## Exercise instructions:
Please copy each line of the data that includes the string "gala".

++++ Records for the exercise ++++

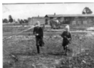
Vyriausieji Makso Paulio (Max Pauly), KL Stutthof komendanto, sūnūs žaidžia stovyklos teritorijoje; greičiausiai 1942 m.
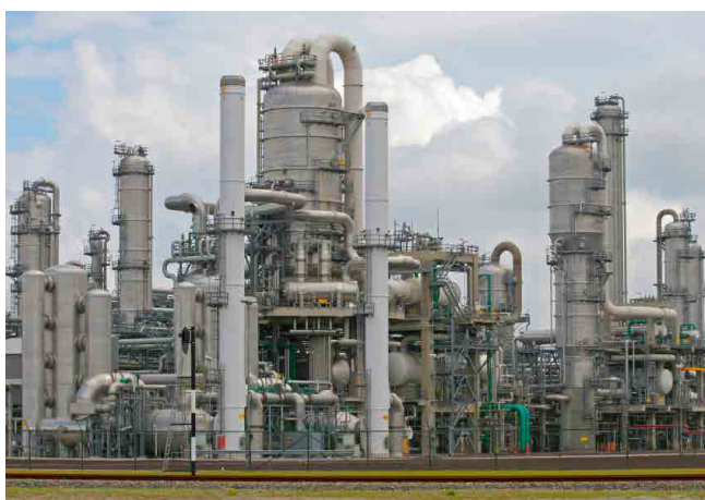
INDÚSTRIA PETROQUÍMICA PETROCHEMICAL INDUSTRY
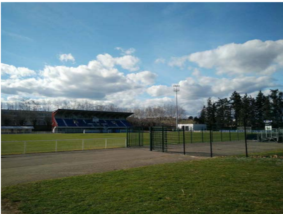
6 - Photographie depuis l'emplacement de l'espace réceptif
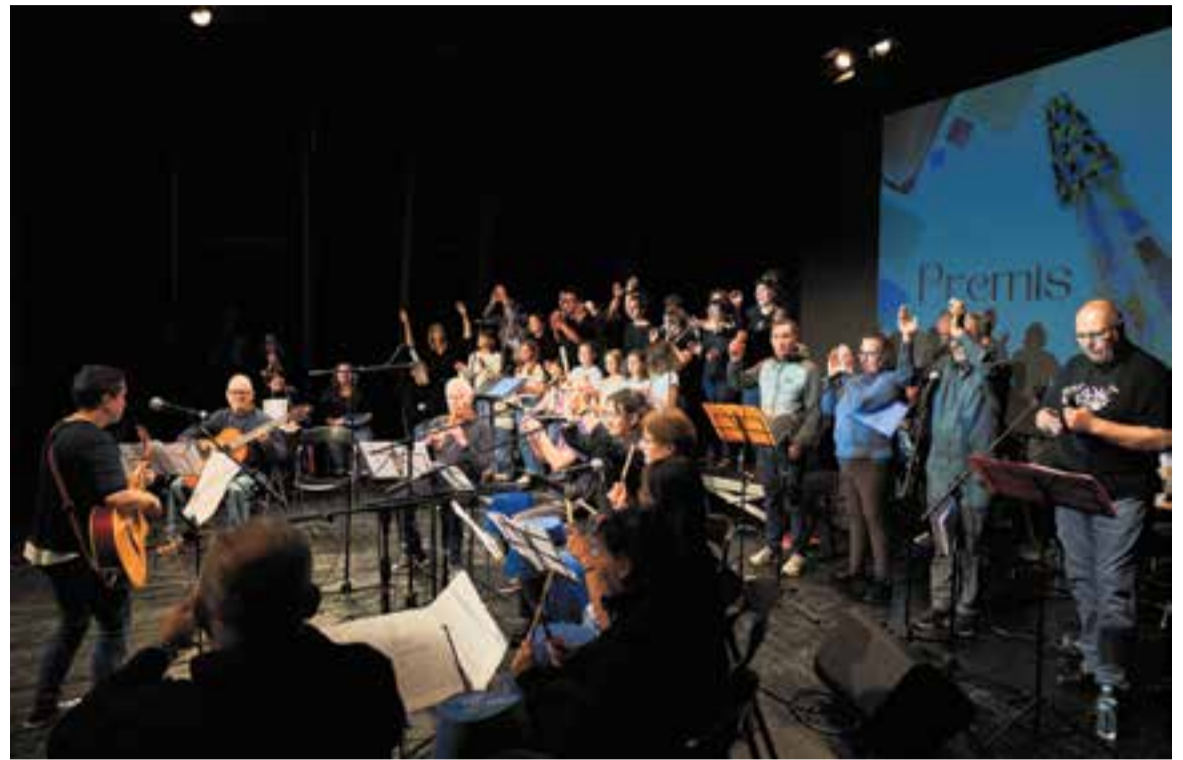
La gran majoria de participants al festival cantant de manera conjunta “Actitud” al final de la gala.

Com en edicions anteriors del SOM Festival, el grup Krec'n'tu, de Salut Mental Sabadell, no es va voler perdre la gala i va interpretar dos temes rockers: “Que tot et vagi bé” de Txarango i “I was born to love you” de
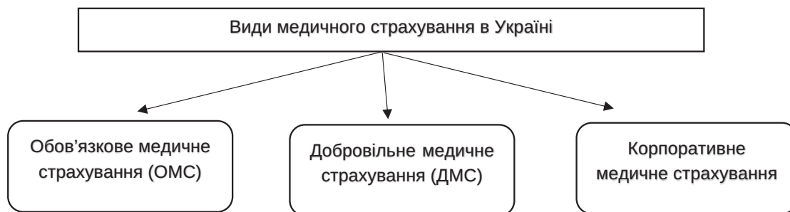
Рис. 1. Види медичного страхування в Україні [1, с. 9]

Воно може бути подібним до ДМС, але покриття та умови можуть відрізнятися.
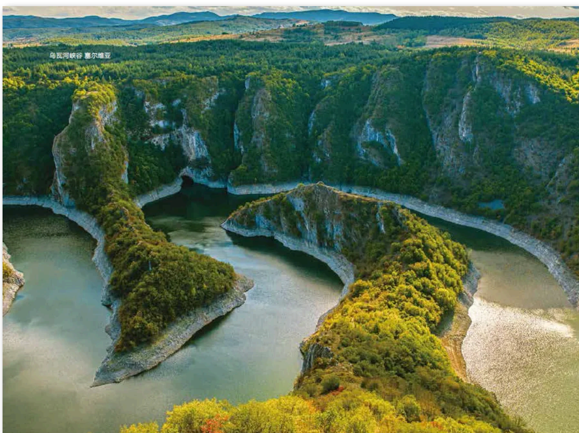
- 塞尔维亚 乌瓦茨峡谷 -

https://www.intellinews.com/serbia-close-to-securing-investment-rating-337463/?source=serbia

++++
++++ Records for the exercise ++++

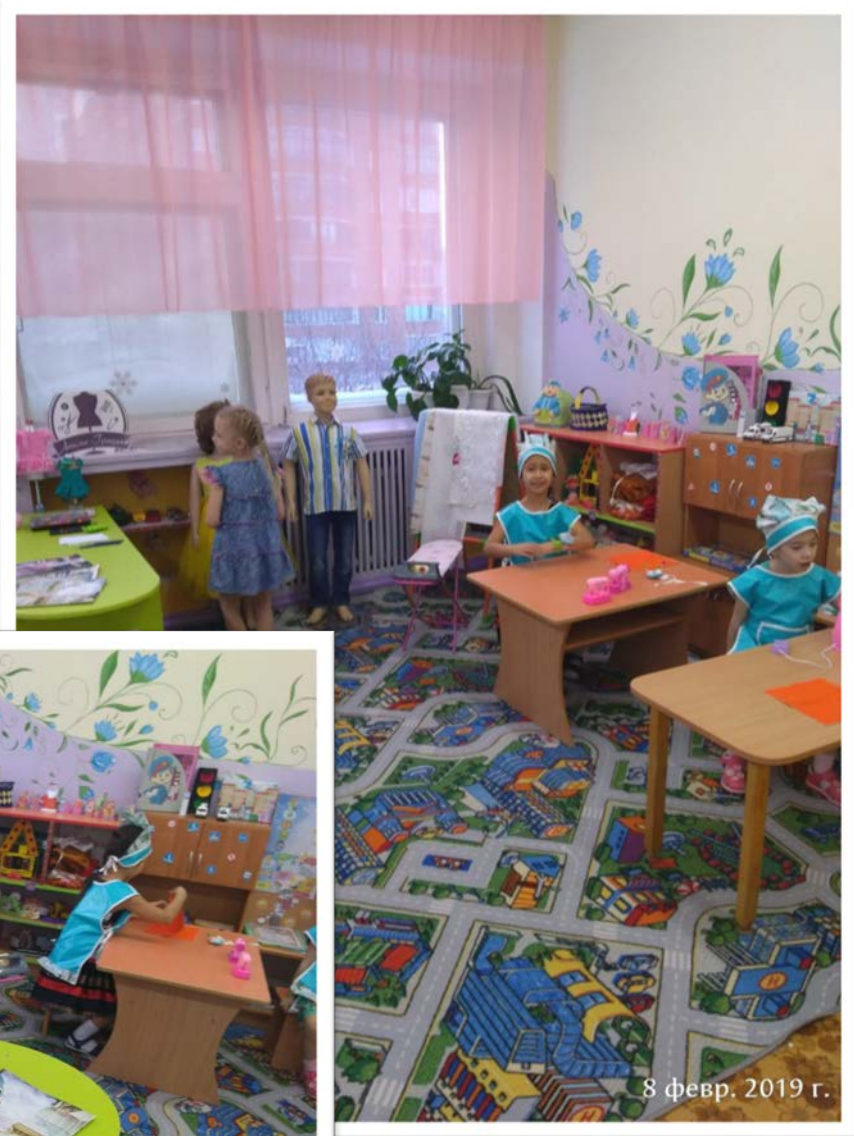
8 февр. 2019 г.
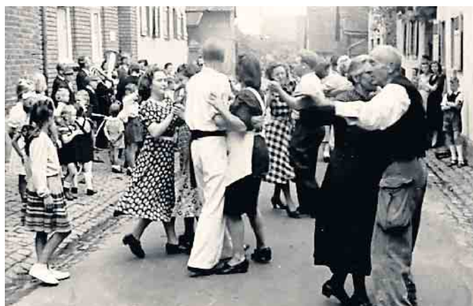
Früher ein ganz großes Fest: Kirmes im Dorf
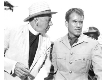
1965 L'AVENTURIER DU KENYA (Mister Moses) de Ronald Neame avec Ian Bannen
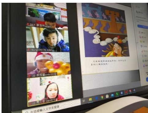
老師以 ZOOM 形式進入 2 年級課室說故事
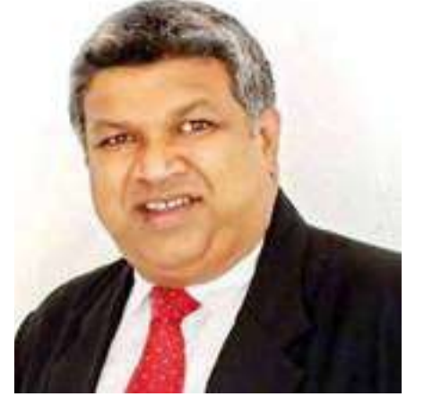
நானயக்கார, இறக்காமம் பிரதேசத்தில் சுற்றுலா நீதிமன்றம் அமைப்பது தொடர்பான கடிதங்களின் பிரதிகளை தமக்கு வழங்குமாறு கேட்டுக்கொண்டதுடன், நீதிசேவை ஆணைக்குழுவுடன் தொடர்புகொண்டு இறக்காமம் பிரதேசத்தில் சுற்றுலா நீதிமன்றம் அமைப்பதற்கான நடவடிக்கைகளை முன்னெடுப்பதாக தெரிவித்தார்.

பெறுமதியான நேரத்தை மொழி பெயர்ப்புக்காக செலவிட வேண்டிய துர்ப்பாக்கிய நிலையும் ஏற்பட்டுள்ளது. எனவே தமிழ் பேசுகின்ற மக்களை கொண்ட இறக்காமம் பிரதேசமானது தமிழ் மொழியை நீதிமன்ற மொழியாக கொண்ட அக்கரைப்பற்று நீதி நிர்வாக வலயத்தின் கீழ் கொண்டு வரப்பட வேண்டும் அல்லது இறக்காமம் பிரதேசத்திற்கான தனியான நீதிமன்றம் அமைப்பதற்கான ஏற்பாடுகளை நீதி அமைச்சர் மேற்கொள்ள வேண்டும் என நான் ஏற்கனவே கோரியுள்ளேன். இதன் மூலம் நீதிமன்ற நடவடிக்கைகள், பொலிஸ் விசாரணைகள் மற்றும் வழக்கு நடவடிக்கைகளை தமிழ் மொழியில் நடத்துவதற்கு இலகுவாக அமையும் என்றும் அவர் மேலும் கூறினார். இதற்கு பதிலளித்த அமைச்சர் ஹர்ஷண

++++

## Task solution:
La gran majoria de participants al festival cantant de manera conjunta “Actitud” al final de la gala.
Com en edicions anteriors del SOM Festival, el grup Krec'n'tu, de Salut Mental Sabadell, no es va voler perdre la gala i va interpretar dos temes rockers: “Que tot et vagi bé” de Txarango i “I was born to love you” de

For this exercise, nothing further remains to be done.